In his note, Vemula chose not to chronicle the events that led him to make his decision to kill himself. He does not say that his group had protested against the hanging of Mumbai blast convict Yakub Memon last year and organised the screening of Muzaffarnagar Baki Hai, a documentary film on the communal violence of Uttar Pradesh. He didn’t mention that these acts had invited the wrath of the ABVP and prompted Dattatreya to write a personal letter to the Union Minister of Human Resource Development Smriti Irani, asking for action against these “anti-national elements”. He does not say that he had been sleeping in the open for the last two weeks.

Instead, he writes: “I am not hurt at this moment. I am not sad. I am just empty. Unconcerned about myself. That’s pathetic. And that’s why I am doing this.” He fails to mention that he felt miserable in a world he wanted to understand but where he found no urgency for things he was desperate to make sense of: love, pain, life and death. He despairs of a world where “the value of a man was reduced to his immediate identity and nearest possibility. To a vote. To a number. To a thing. Never was a man treated as a mind.”

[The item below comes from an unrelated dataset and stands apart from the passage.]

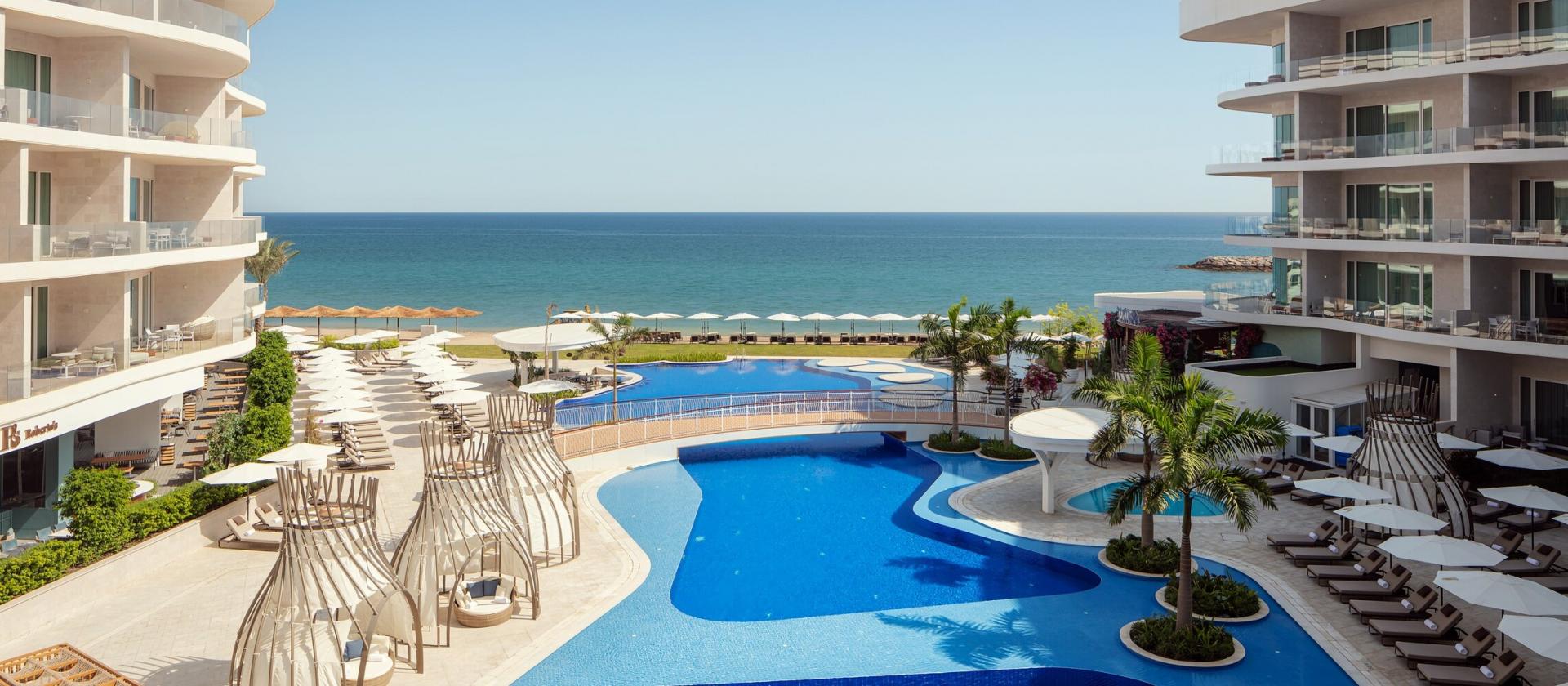 Położony w prestiżowej dzielnicy Al Mouj, St. Regis Al Mouj Muscat łączy nadmorski relaks z luksusem. Goście korzystają z pięknych pokoi i suite'ów inspirowanych jachtowym stylem, z widokiem na ocean lub pole golfowe. Do dyspozycji: dziewięć restauracji, spa, prywatna plaża, baseny i dedykowany serwis St. Regis Butler. Idealny wybór dla wymagających podróżnych.
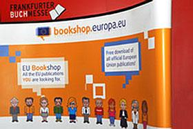 Plakat fra EU Bookshop ved lanceringen af det digitale bibliotek på bogmessen i Frankfurt (Foto (c) EF)

Vemula wanted human beings to be treated as minds, “as glorious things made up of star dust, in every field, in studies, in streets, in life and in death”.

Forging new ties

Vemula aspired to be a science writer and to be a person of the universe of words. He refused to be pinned down to this immediate identity. He did not want to die a Dalit. He wanted to break free of it, to transcend to limitlessness, to travel to stars. Yet, it’s clear that he died precisely because of this striving to cross these limits. As a member of the Ambedkar Students’ Association he had challenged the nationalist consensus and stood by India’s marginal Muslims. This was the final act of his short life: to forge solidarities of new kinds. But the world failed to keep pace with him and he paid for it with his life.

The drama that has played out these past few weeks at the University of Hyderabad is a familiar one. Elements of it are playing out at other campuses across the country. India’s universities no longer offer nesting places for young dreamers like Vemula. They are now populated be self-serving people more interested perpetuating their privileges, who have completely forgotten their duty, which is to give courage to the young to break free of all the confines, to act wild, to stand by them even when society finds them dangerous.

There has been lot of noise about a new aspirational class which is impatient with the politics of the day. Was Vemula not an aspiring young mind? Why then did he have to feel lonely and empty?

We welcome your comments at letters@scroll.in.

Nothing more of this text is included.